The list of the top 10 genes (by citations) returns reassuringly familiar names. If anything, the gene ID search returns a list closer to what one might expect from how "famous" the genes tend to be, suggesting that it's less susceptible to variability due to the use of the particular name in the literature. For example, it's surprising that TP53 doesn't make the top 10 in the gene name search, probably because it's more frequently referred to by its protein name, p53, than its official gene name, TP53. Similarly, FOS is number 4 on the gene name list, but it's certainly not as well known as NFKB1 or KRAS, both of which make the top 10 by gene ID but not by gene name. A quick scan of the search results for "FOS" revealed hits not only for the gene FOS, but also false positives like "fructooligosaccharide" (FOS), "Framingham Offspring Study" (FOS), and "foot orthoses" (FOs).
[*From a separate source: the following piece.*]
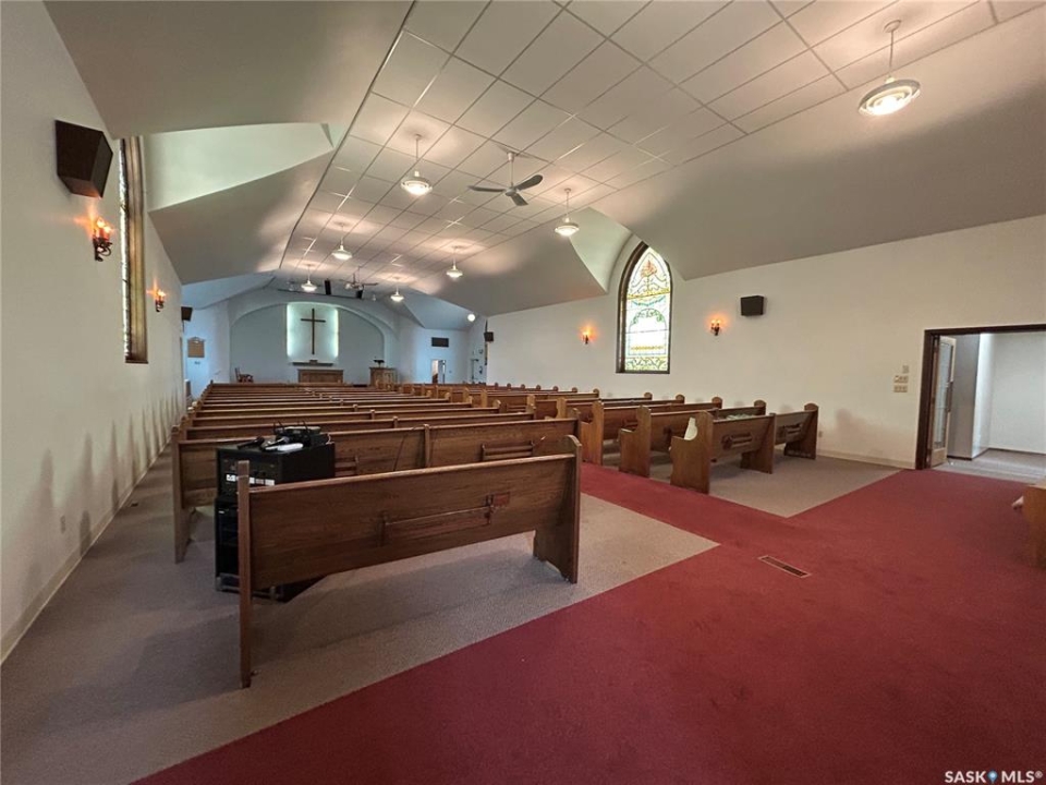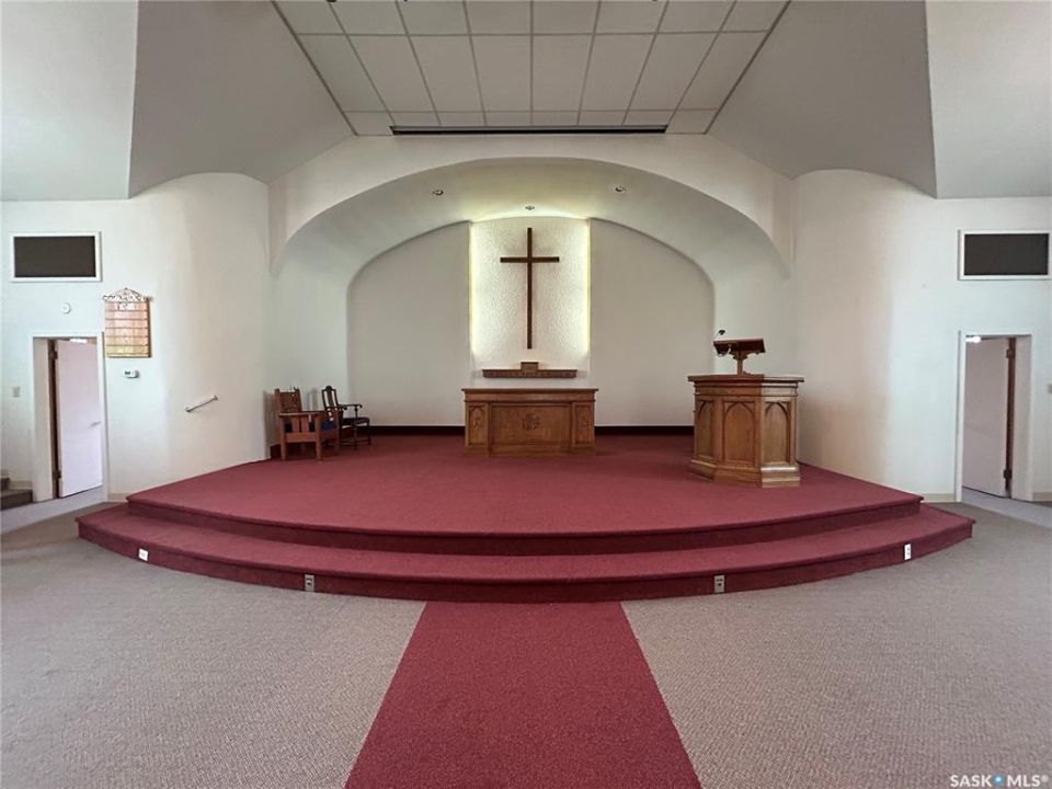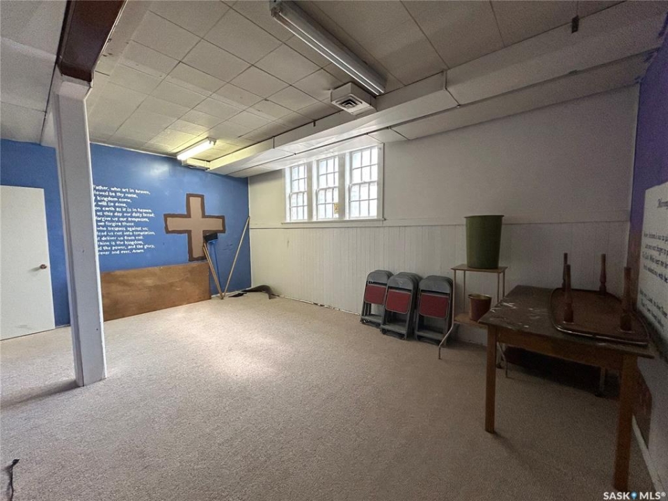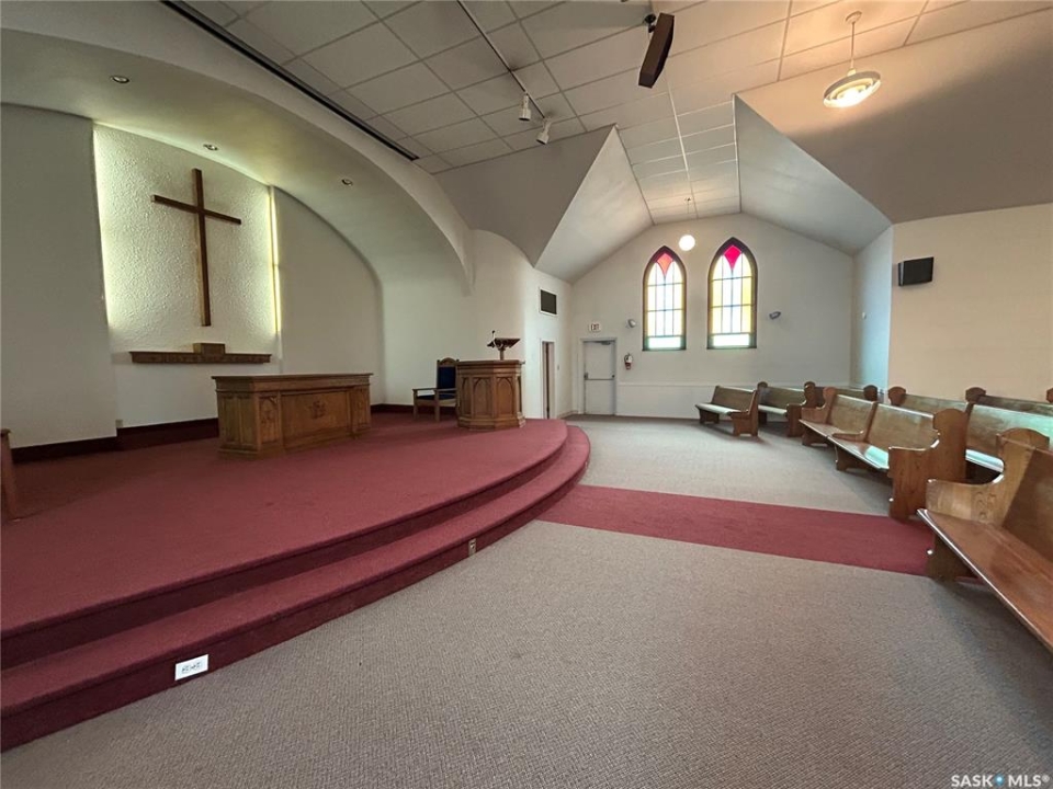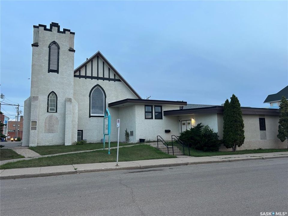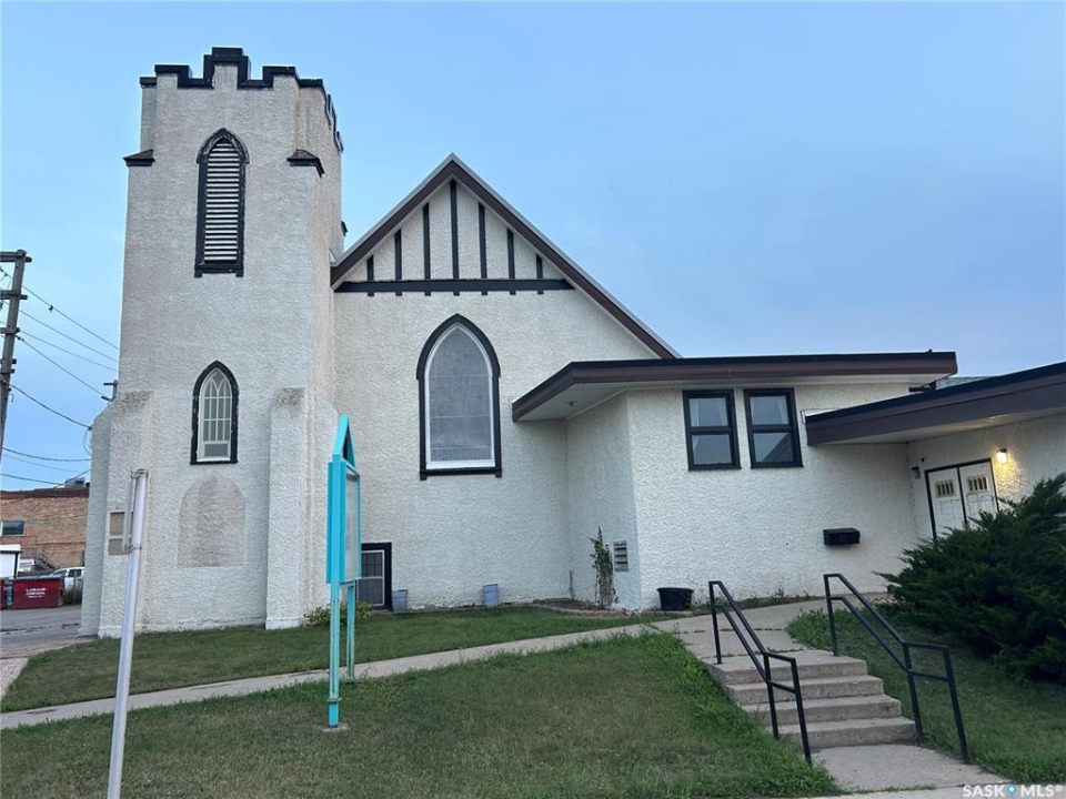 Exceptional commercial property available in the heart of downtown Moose Jaw! Offering over 5,300 sq. ft. of functional space, this property is ideally located within walking distance to all downtown amenities and includes the convenience of ample off-street parking. The main level welcomes you with a spacious foyer leading into a large hall, perfect for gatherings or business use. Adjacent to this area is a kitchen featuring two stoves and one refrigerators, along with three office spaces and a bathroom. Upstairs, you'll find an impressive sanctuary area highlighted by stunning stained glass windows, complemented by three additional rooms for flexible use. The lower level provides exceptional functionality with a large hall, eight separate rooms, plus men's and women's washrooms. With its size, layout, and unbeatable location, the possibilities are endless – whether you're an investor or an owner-user, this property is a rare opportunity to transform into the business or venture of your dreams.
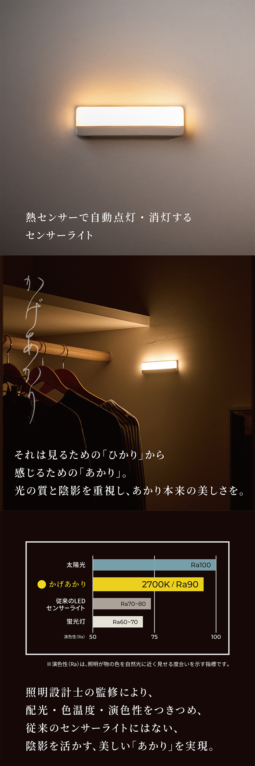 従来のセンサーライトにはない、陰影を活かす、美しい「あかり」を実現

|Rank||By gene name (refs)||By gene ID (refs)|
|1||CASP3 (47320)||TP53 (7598)|
|2||EGFR (38072)||EGFR (4056)|
|3||MYC (30819)||NFKB1 (2508)|
|4||FOS (27521)||AKT1 (2370)|
|5||ERBB2 (23076)||BRCA1 (2304)|
|6||MTOR (18677)||ERBB2 (2107)|
|7||MAPK1 (12766)||MAPK1 (1719)|
|8||BRCA1 (12458)||KRAS (1609)|
|9||CDKN1A (12266)||PTEN (1571)|
|10||MAPK3 (12144)||BRAF (1503)|
The genes with the fewest citations have a surprisingly small number of references given that they were explicitly included in a curated set of key Ras pathway genes. Many of them are lesser-known isoforms of widely-studied gene families (e.g., SPRED3, RASA2, PIK3R5/6):
|Rank||By gene name (refs)||By gene ID (refs)|
|218||PIK3R5 (12)||RALGAPA2 (13)|
|219||SPRED3 (10)||RASGRP4 (13)|
|220||EXOC1 (7)||SPRY3 (12)|
|221||RALGAPA1 (7)||RASA2 (11)|
|222||RASSF9 (6)||RASSF10 (11)|
|223||CYTH2 (4)||RGL1 (11)|
|224||EXOC6 (4)||RASSF9 (10)|
|225||RALGAPA2 (4)||SPRED3 (8)|
|226||RASAL3 (3)||RASAL3 (7)|
|227||PIK3R6 (1)||RGL3 (5)|
There are of course many other ways to assemple corpora, including systematic use of gene synonyms, exploiting MeSH terms and other metadata, as well as using other search tools (e.g., CrossRef). These were two very simple ways to get a sense of the scale of the relevant literature, with an expansive and a restricted search giving rough upper and lower bounds. My conclusion is that the curated references in Entrez Gene are less likely to contain false positives, with the downside of missing many potentially relevant articles. Given that the size of the corpus returned by Entrez Gene search is smaller, I'll use this set of roughly ~54k papers for an initial pilot study in machine reading for mechanisms.
In a subsequent post, I'll look at what fraction of the articles in these two corpora are available for text mining from Pubmed Central.